• **INFORMATION**
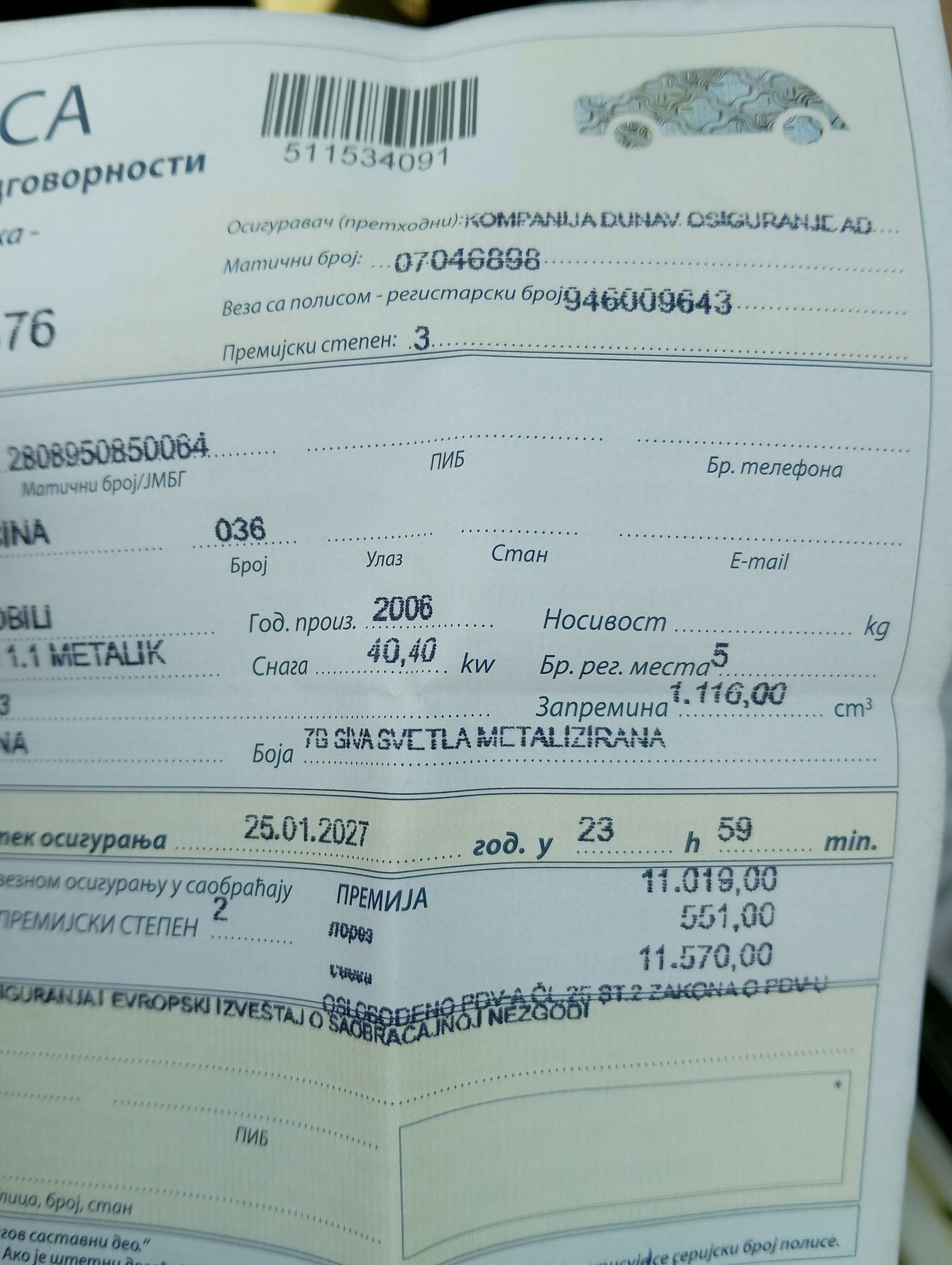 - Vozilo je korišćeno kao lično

--

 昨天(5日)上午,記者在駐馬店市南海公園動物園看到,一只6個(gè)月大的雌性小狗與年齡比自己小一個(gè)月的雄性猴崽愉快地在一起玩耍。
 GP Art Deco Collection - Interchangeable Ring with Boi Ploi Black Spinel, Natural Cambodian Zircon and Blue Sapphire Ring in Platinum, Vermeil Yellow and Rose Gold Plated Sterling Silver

...

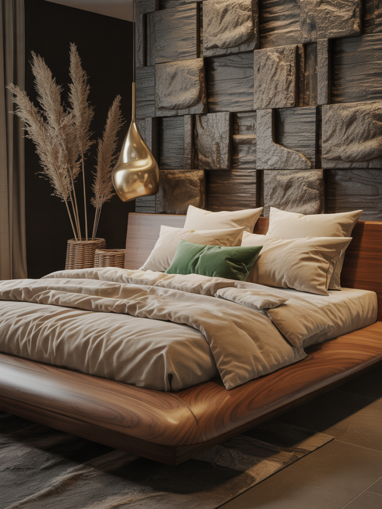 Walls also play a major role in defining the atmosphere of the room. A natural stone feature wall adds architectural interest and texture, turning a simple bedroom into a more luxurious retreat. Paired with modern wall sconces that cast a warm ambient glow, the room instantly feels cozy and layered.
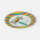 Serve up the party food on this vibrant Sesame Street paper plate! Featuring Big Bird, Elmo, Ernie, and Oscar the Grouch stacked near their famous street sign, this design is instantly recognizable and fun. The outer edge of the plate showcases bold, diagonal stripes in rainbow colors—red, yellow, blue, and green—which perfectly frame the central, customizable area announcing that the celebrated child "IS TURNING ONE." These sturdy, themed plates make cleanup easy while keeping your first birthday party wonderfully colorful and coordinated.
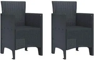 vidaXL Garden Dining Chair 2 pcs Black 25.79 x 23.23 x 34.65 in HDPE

• **TASK TO COMPLETE**
Return exactly, and only, the lines above starting at the line that contains "昨天(5日)上午,記者在駐馬" and ending at the line that contains "GP Art Deco".

• **ANSWER AREA**
 昨天(5日)上午,記者在駐馬店市南海公園動物園看到,一只6個(gè)月大的雌性小狗與年齡比自己小一個(gè)月的雄性猴崽愉快地在一起玩耍。
 GP Art Deco Collection - Interchangeable Ring with Boi Ploi Black Spinel, Natural Cambodian Zircon and Blue Sapphire Ring in Platinum, Vermeil Yellow and Rose Gold Plated Sterling Silver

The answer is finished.